### DATA RECORDS
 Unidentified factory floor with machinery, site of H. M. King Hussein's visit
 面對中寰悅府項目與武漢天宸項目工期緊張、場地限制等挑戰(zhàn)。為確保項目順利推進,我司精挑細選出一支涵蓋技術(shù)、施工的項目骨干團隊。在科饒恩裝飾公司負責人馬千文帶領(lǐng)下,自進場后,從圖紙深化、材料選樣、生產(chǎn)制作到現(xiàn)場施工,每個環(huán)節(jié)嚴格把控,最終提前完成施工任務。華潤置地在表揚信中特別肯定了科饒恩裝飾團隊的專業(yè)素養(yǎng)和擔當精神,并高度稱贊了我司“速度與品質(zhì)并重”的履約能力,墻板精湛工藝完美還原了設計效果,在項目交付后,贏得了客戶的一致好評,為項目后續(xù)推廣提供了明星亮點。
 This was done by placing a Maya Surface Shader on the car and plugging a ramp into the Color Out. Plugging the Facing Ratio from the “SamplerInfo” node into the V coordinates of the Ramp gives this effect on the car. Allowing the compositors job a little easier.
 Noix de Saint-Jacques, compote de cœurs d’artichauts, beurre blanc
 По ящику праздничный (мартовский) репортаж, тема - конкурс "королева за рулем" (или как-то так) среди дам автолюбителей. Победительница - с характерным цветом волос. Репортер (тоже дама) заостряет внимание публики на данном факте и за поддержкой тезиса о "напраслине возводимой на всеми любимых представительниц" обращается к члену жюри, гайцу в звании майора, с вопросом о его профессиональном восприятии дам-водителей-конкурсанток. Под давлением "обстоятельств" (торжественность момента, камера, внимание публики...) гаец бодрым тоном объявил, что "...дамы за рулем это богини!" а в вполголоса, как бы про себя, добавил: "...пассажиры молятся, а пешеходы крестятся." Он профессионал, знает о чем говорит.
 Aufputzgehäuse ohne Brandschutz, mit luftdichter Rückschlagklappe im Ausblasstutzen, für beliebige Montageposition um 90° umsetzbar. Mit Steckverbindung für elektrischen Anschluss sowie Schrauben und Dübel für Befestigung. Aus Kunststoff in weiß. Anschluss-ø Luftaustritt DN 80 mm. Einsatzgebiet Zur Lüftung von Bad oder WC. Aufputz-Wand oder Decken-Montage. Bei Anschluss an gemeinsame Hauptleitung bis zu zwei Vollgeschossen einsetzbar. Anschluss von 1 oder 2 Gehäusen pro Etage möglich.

...

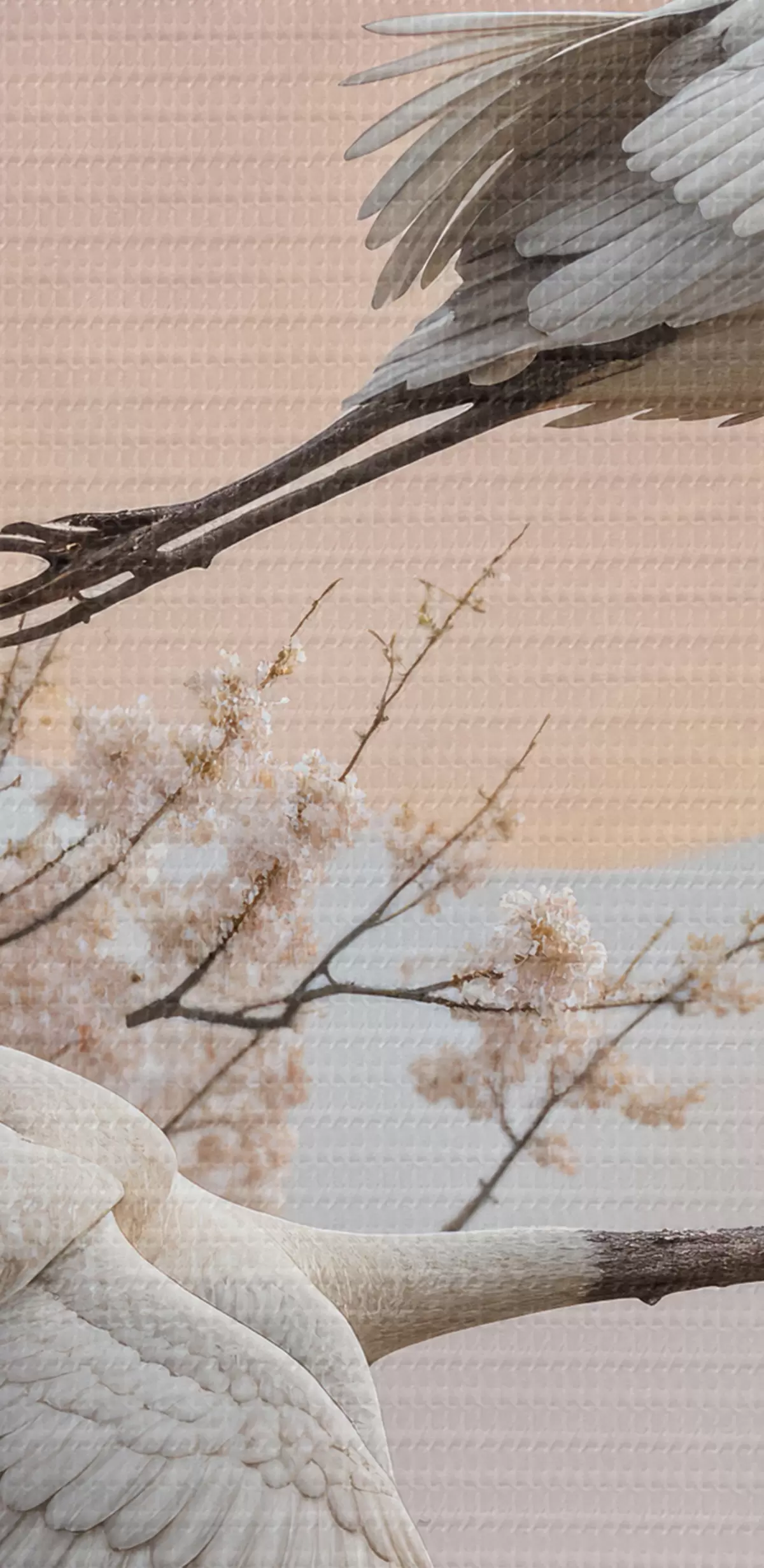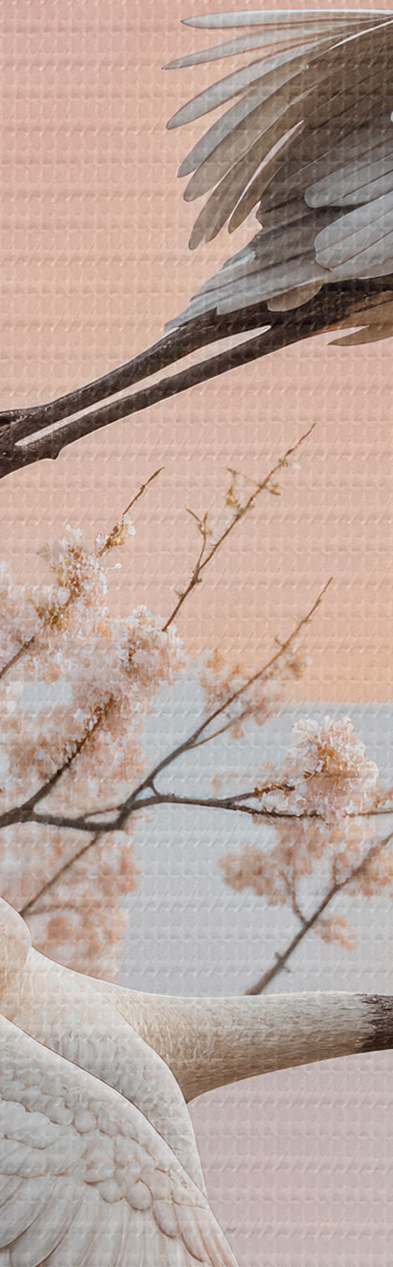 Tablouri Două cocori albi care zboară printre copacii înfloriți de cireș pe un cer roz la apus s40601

...

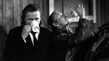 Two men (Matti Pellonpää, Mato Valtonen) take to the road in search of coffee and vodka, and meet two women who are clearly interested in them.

### WHAT IS EXPECTED
Within the listing above, give again exactly every line from the line with "Unidentified factory floor" through the line with "面對中寰悅府項目與武漢天宸項", both included, and no other line.

### RESULT OF THIS EXERCISE
 Unidentified factory floor with machinery, site of H. M. King Hussein's visit
 面對中寰悅府項目與武漢天宸項目工期緊張、場地限制等挑戰(zhàn)。為確保項目順利推進,我司精挑細選出一支涵蓋技術(shù)、施工的項目骨干團隊。在科饒恩裝飾公司負責人馬千文帶領(lǐng)下,自進場后,從圖紙深化、材料選樣、生產(chǎn)制作到現(xiàn)場施工,每個環(huán)節(jié)嚴格把控,最終提前完成施工任務。華潤置地在表揚信中特別肯定了科饒恩裝飾團隊的專業(yè)素養(yǎng)和擔當精神,并高度稱贊了我司“速度與品質(zhì)并重”的履約能力,墻板精湛工藝完美還原了設計效果,在項目交付后,贏得了客戶的一致好評,為項目后續(xù)推廣提供了明星亮點。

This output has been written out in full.